An approach to selecting case studies

Cambridge Policy & Planning Fellow, Somaya, writes about a case study approach developed by the Cambridge DPOC Fellows for CUL. Somaya’s first blog post about the case studies looks at the selection methodology the Cambridge DPOC fellows used to choose their final case studies.

Physical format digital carriers. Photo: Somaya Langley

Background & approach

Cambridge University Library (CUL) has moved to a ‘case study’ approach to the project. The case studies will provide an evidence-based foundation for writing a policy and strategy, developing a training programme and writing technical requirements within the time constraints of the project.The case studies we choose for the DPOC project will enable us to test hands-on day-to-day tasks necessary for working with digital collection materials at CUL. They also need to be representative of our existing collections and future acquisitions, our Collection Development Policy FrameworkStrategic Plan,  our current and future audiences, while considering the ‘preservation risk’ of the materials.

Classes of material

Based on the digital collections surveying work I’ve been doing, our digital collections fall into seven different ‘classes’:

  1. Unpublished born-digital materials – personal and corporate papers, digital archives of significant individuals or institutions
  2. Born-digital university archives – selected records of the University of Cambridge
  3. Research outputs – research data and publications (including compliance)
  4. Published born-digital materials – physical format carriers (optical media), eBooks, web archives, archival and access copies of electronic subscription services, etc.
  5. Digitised image materials – 2D photography (and 3D imaging)
  6. Digital (and analogue) audiovisual materials – moving image (film and video) and sound recordings
  7. In-house created content – photography and videography of events, lectures, photos of conservation treatments, etc.

Proposed case studies

Approximately 40 potential case studies suggested by CUL and Affiliated Library staff were considered. These proposed case studies were selected from digital materials in our existing collections, current acquisition offers, and requests for assistance with digital collection materials, from across Cambridge University. Each proposed case study would allow us to trial different tools (and digital preservation systems), approaches, workflow stages, and represent different ‘classes’ of material.

Digital lifecycle stages

The selected stages are based on a draft Digital Stewardship End-to-End Workflow I am developing. The workflow includes approximately a dozen different stages. It is based on the Digital Curation Centre’s Curation Lifecycle Model, and is also aligned with the Digital POWRR (Preserving Digital Objects with Restricted Resources) Tool Evaluation Grid.
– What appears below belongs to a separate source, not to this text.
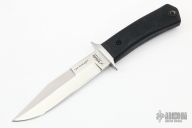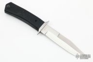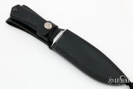 This Archangel from Blackjack Knives features a satin finish clip point blade with false top edge, .196" blade stock and 1.065" blade depth, hidden tang construction. The handle is comprised of a stainless steel guard and rubber grip with lanyard tube. Includes black leather sheath with belt loop. Excellent condition.

There are also additional essential concerns, including:

  • data security
  • integration (with CUL systems and processes)
  • preservation risk
  • remove and/or delete
  • reporting
  • resources and resourcing
  • system configuration

Selected stages for Cambridge’s case studies

Dave, Lee and I discussed the stages and cut it down to the bare-minimum required to test out various tasks as part of the case studies. These stages include:

  1. Appraise and Select
  2. Acquire / Transfer
  3. Pre-Ingest (including Preconditioning and Quality Assurance)
  4. Ingest (including Generate Submission Information Package)
  5. Preservation Actions (sub-component of Preserve)
  6. Access and Delivery
  7. Integration (with Library systems and processes) and Reporting

Case study selection

In order to produce a shortlist, I needed to work out a parameter best suited in order to rank the proposed case studies from a digital preservation perspective. The initial parameter we decided on was complexity. Did the proposed case study provide enough technical challenges to fully test out what we needed to research?

We also took into account a Streams Matrix (still in development) that outlines different tasks taken at each of the at each of the selected digital life cycle stages. This would ensure different variations of activities were factored in at each stage.
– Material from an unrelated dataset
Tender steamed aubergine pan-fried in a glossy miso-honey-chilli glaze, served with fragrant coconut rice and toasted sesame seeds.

We revisited the case studies once in ranked order and reviewed them, taking into account additional parameters. The additional parameters included:

  • Frequency and/or volume – how much of this type of material do we have/are we likely to acquire (i.e. is this a type of task that would need to be carried out often)?
  • Significance – how significant is the collection in question?
  • Urgency – does this case study fit within strategic priorities such as the current Cambridge University Library Strategic Plan and Collection Development Policy Framework etc.?
  • Uniqueness – is the case study unique and would it be of interest to our users (e.g. the digital preservation field, Cambridge University researchers)?
  • Value to our users and/or stakeholders – is this of value to our current and future users, researchers and/or stakeholders?

This produced a shortlist of eight case studies. We concluded that each provided different long-term digital preservation issues and were experiencing considerable degrees of ‘preservation risk’.
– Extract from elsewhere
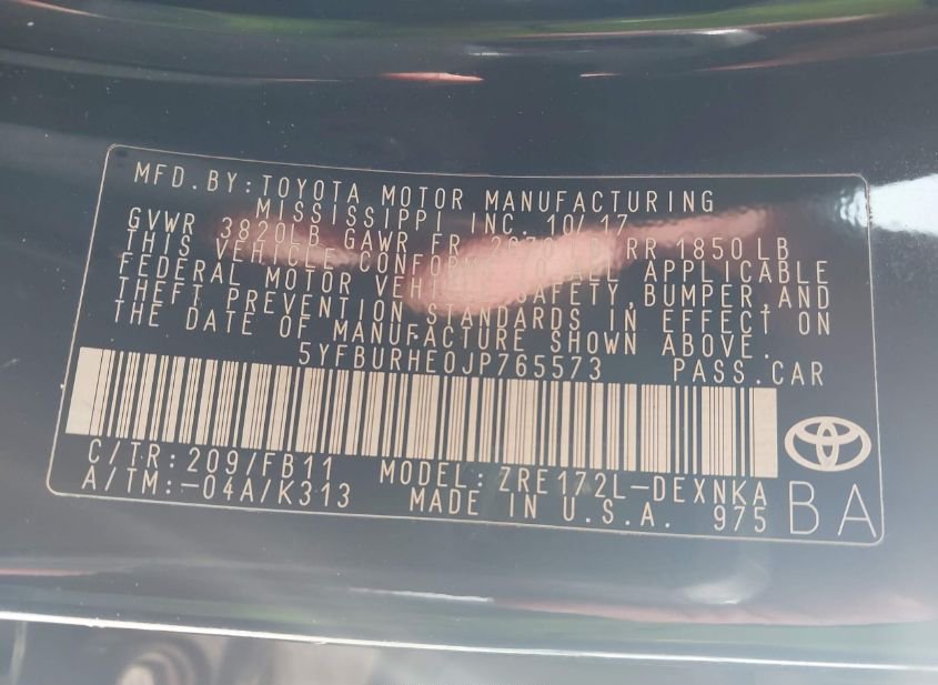 - VIN: 5YFBURHE0JP765573

This was a challenging and time-consuming approach, however it ensures fairness in the selection process. The case studies will enable us to have tangible evidence in which to ground the work of the rest of the project. The Cambridge University Library Polonsky Digital Preservation Project Board have agreed that we will undertake three case studies, including a digitisation case study, a born-digital case study and one more – the details of which are still being discussed. Stay tuned for more updates.

Customizable JHOVE TIFF output handler anyone?

Technical Fellow, James, talks about the challenges with putting JHOVE’s full XML output into a reporting tool and how he found a work around. We would love feedback about how you use JHOVE’s TIFF output. What workarounds have you tried to extract the data for use in reporting tools and what do you think about having a customizable TIFF output handler for JHOVE? 

As mentioned in my last blog post, I’ve been looking to validate a reasonably large collection of TIFF master image files from a digitization project. On a side note from that, I would like to talk about the output from JHOVE’s TIFF module.

The JHOVE TIFF module allows you to specify an output handler as either Text, a XML audit, or a full XML output format.

Text provides a straight forward line by line breakdown of the various characteristics and properties of each TIFF processed. But not being a structured document means that processing the output when many files are characterized is not ideal.

The XML audit output provides a very minimal XML document which will simply report if the TIFF files were valid and well formed or not; this is great to a quick check, but lacks some other metadata properties that I was looking for.

The full XML output provides the same information that was provided in text output format, but with the advantage of being a structural document. However, I’ve found some of the additional metadata structuring in the full XML rather cumbersome to process with further reporting tools.

As result, I’ve been struggling a bit to extract all of the properties I would like from the full XML output into a reporting tool. I then started to wonder about having a more customizable output handler which would simply report the the properties I required in a neat and easier to parse XML format.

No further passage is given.